Because of the high cost, some Pacific island nations have to borrow money to build these new more resilient roads, bridges, schools, wharves and so on. Most of the time, the money will come from external resources but it comes with a hefty interest rate.
Fourteen Pacific countries—Kiribati, the Marshall Islands, the Federated States of Micronesia, Samoa, Tonga, and Tuvalu—are facing elevated risk of debt distress “due to their narrow economic bases, vulnerability to economic shocks, and exposure to climate change.”Sili Epa Tuioti Minister of Finance and Head of Delegation for Samoa at FEMM said
“When major disasters hit Pacific Island countries it impacts the economy, shrinking GDP,” he said.
“We’re listed by the World Bank and ADB and others as debt stress economy. But the only reason why we incurred debt was to ensure that we restore necessary economic infrastructure for our people,” Tuioti said.
Cook Islands Minister for Finance Mark Brown said that Pacific nations, need not drown in debt to build resiliency.
You gotta be innovative of finding ways to be able to build the resilience but without building up the debt level as well. So for us, climate finance, grant finance, blended finance that we’re looking at to build that resilience but in a way that reduces debt is vitally important. So under traditional banking terms and conditions, that doesn’t help us. So we have to look at non-traditional means of terms and conditions from financing and even non-traditional donors and contributors to help us build this development finance,” he said.
Palau and Cook Islands
From grants to loans. The Cook Islands and Palau are classified as high-income countries despite having small economies, with this classification, the two small nations are ineligible to get grants from multilateral banks.

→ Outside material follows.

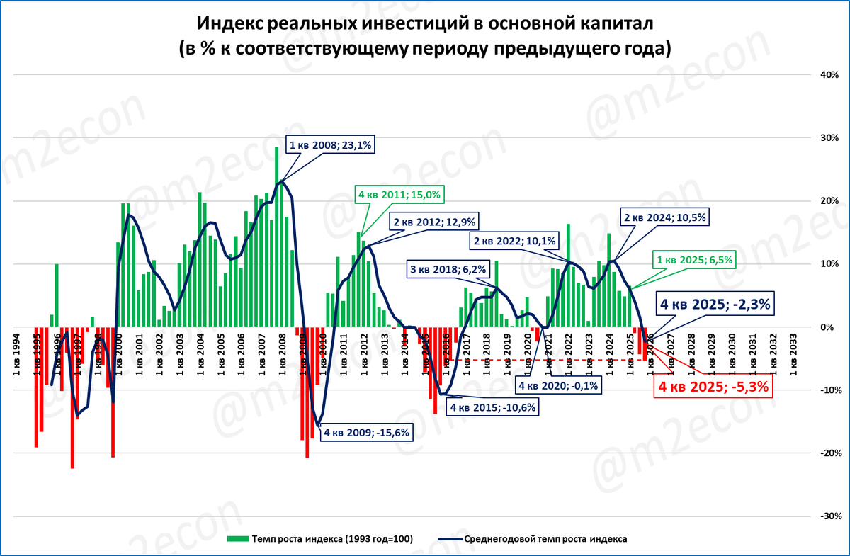 В 4 квартале инвестиции в основной капитал упали, -5,3%. Несмотря на падение, в 2025 году был показан второй лучший результат в истории по объёму инвестиций.
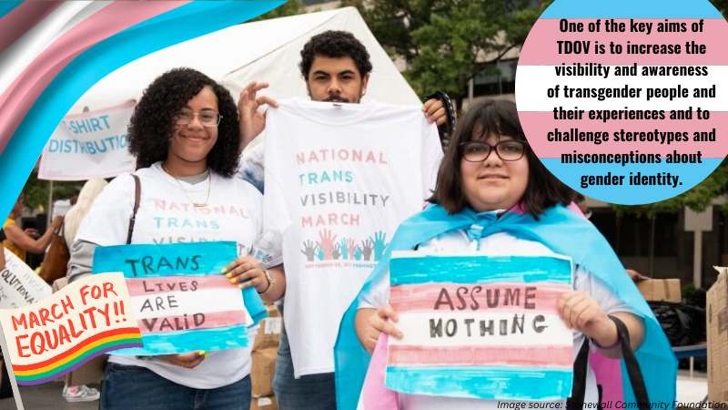 One of the key aims of TDOV is to increase the visibility and awareness of transgender people. Another is their experiences in challenging stereotypes and misconceptions about gender identity. It is also a time to highlight the challenges faced by the transgender community. These include discrimination, marginalization, violence, and advocating for greater rights and protections.

Brown said “So, I guess, (we) performed economically to the extent that we are regarded as a middle to a high-income country. And under the OECD criteria, we will graduate to developed nation status which in some cases means, we’re no longer eligible for developmental assistance or countries can no longer use their contributions to us as declarable in terms of the developmental assistance index,”
Palau has seven major loans with an outstanding balance of $59.7 million, but debt management is stable.
Palau President Tommy Remengesau Jr. said that because of the high-income status, the country’s infrastructure “needs can no longer be financed from foreign grant sources.”
In Palau, Remengesau noted during his State of the Republic Address last month that Risk assessment projections say that Palau can expect more frequent inclement weather events that the World Bank estimates will cost on average approximately $2.7 million per year in damages.
For the next 50 years, Palau has a 50 percent chance of incurring damages totaling over $30 million, and a 10 percent chance of incurring catastrophic damages exceeding $247 million.
Pacific island nations are trying to establish a “homegrown” regional initiative that will provide financing options for resilient infrastructure in response to the impacts of climate change.
Pacific Islands Forum (PIF) Secretariat had been hoping the Economic Ministers Meeting (FEMM), that the design for the proposed Pacific Resilience Facility (PRF) would be approved by Ministers at their meeting this week.
However, Ministers took the view that more work was needed. They will reconvene at a Special meeting in July in the hope of having a design ready for the Pacific leaders meeting in August.